Dorset Wildlife Trust’s new citizen science project

PUBLISHED: 10:11 18 February 2016 | UPDATED: 10:11 18 February 2016

A family day out exploring Kingcombe nature reserve (Photo by Katharine Davies)

A family day out exploring Kingcombe nature reserve (Photo by Katharine Davies)


When did you last see a hedgehog or hear a robin sing? Dorset Wildlife Trust would like the public to answer these questions and more in their new citizen science project

In 2015 Dorset Wildlife Trust (DWT) started a citizen science project ‘Species of the Month’. We asked the public to let us know when they saw a certain species for each month of the year. Not only did the sightings start flooding in, but so did anecdotes about your wildlife experiences, with many sharing their delight about a regular or occasional wildlife visitor in a local patch.

DWT’s Great Heath Community Conservation Officer, Katie Wilkinson, is running the Species of the Month project for DWT: “Recording and looking for rare and common wildlife both nationally and locally really helps conservationists monitor declines in wildlife populations. Something that’s in abundance in 2015 might not be in 2020, and these records could help identify trends to understand why this has happened, so we can all try to protect it in the future.”

With over 40 nature reserves across Dorset it’s impossible for DWT to keep an eye on everything, which is where keen-eyed members of the public can help. “Wildlife won’t stay in nature reserves,” says Katie. “It can come into gardens and local green spaces. That is why we are asking people to ‘look’ for wildlife – even if they are in an urban area they can see some interesting wildlife.”

And never has there be a better time to introduce youngsters to wildlife. In a recent YouGov poll, out of 1,082 children, 60% had never seen a peacock butterfly, 53% had never seen a flock of starlings, and 37% had never seen a hedgehog in the UK. “Getting the next generation excited about wildlife is a big part of our work,” adds Katie.

So if you’re thinking: ‘I can’t tell a pigeon from a wigeon’, there are plenty of ways we can help you start your wildlife journey. Each month DWT publishes information about its chosen species on the website listing locations, identifying features, and pictures. You can also send us photos of your sightings on our Facebook page where you can ask experts about wildlife you’d like to know more about, not just the species of the month.

“Wildlife friendly gardening is another great way to do something practical,” says Katie. “The more you provide for wildlife, such as bird food or a home for hedgehogs, the more you will see as they come and take advantage of your offerings.” 

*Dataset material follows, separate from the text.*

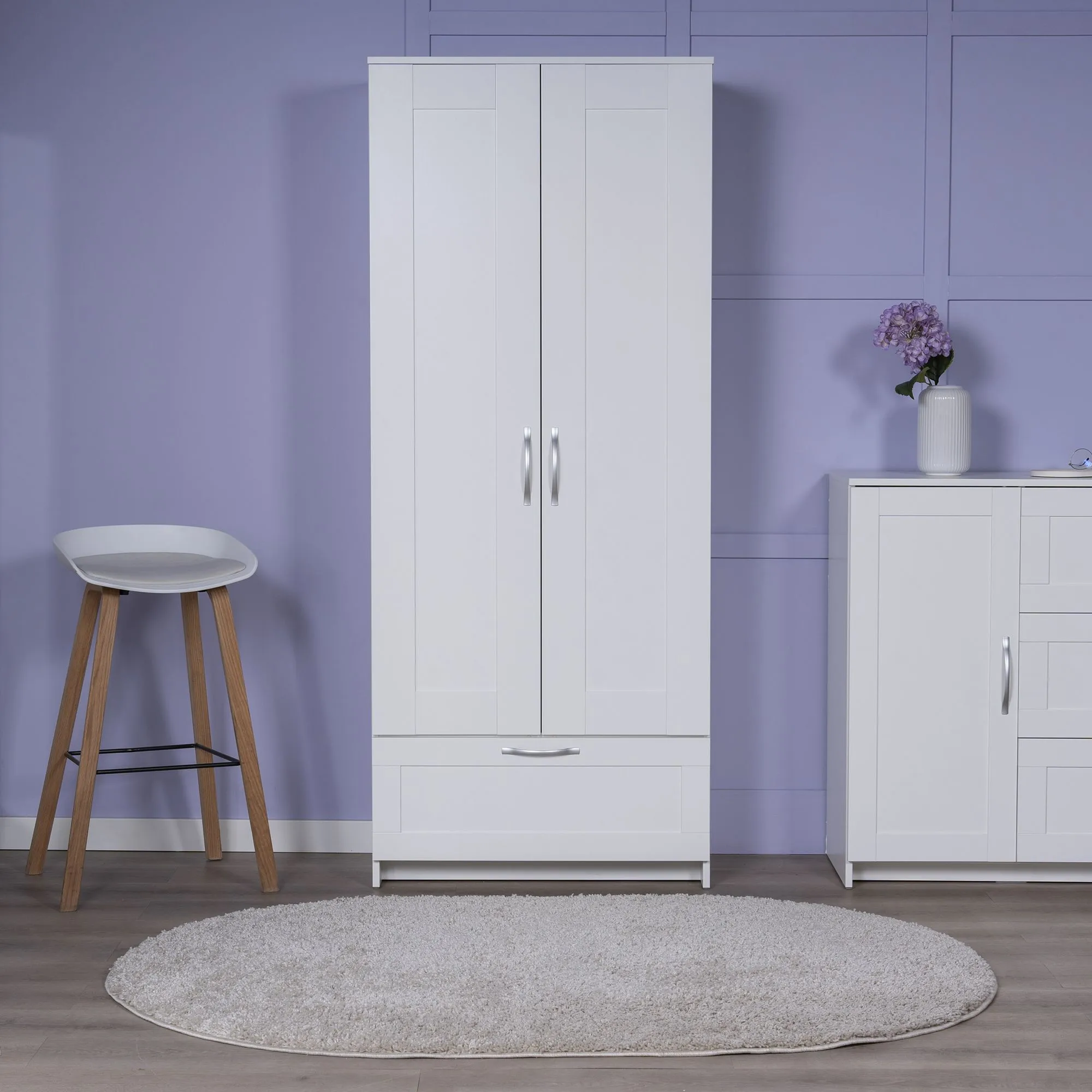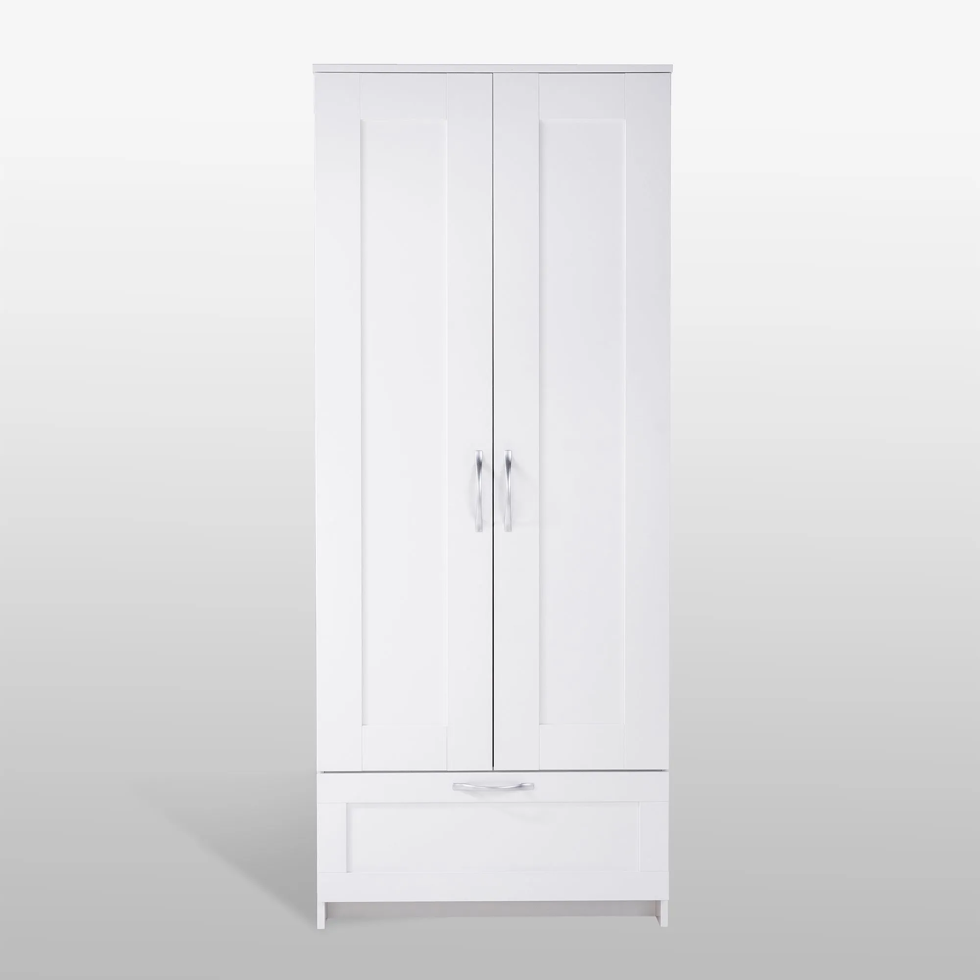 Шкаф СИРИУС для одежды двухдверный, с выдвижным ящиком, 782х412х1900, цвет Белый. Изготовлен из кашированного ДСП толщиной 16 мм. Крепится к стене. Гарантийный срок для жилых помещений 24 месяца, для общественных помещений - 18 месяцев.

Top 5 species of the month in 2015

• January - Robin (354 records) - Recently voted as the UK’s favourite national bird, sightings of robins have increased since 2014, up by three places in the top ten birds recorded as part of the BTO’s Garden Bird Watch, where 88.73% of gardens in Dorset recorded them.

• April - Brimstone Butterfly (169 records) - These common butterflies are one of the first signs of spring, and can be found in a variety of habitats, including gardens, woodlands and the wider countryside. In spring they feed on daffodils and primroses and later in the year on purple flowers like thistle and teasel.

• June - House Sparrow (711 records) - Living in colonies, house sparrows often nest in buildings or holes in walls. Over the last 30 years their numbers have declined in England by 77% so it’s great to see so many records for them in Dorset. Help increase their numbers by putting up sparrow nest boxes to attract them into your garden.

• July - Slow Worm (237 records) - Slow worms are legless lizards and like to hide underneath things such as compost heaps, wood and piles of vegetation. Though they are wide spread, they are protected by the Wildlife and Countryside Act 1981.

• September - Hedgehogs (230 records) - We’ve heard a lot about the decline of hedgehogs, so we were delighted to get such a positive number of sightings in Dorset. We also heard some great stories about people creating wildlife friendly gardens for hedgehogs, which is very encouraging. 

Species of the Month 2016

We’re starting 2016 with the Fox in January, and Blackbird in February. To get involved with this project simply visit to submit your sightings and share your stories. 

What is a citizen science project?

This type of project asks non-scientists to contribute observations which can help with scientific research such as observing or counting wildlife in your back garden or further afield. It includes projects like the Butterfly Conservation’s Big Butterfly Count, local Bioblitz events, Woodland Trust’s Nature’s Calendar and the RSPB Big Garden Bird Watch.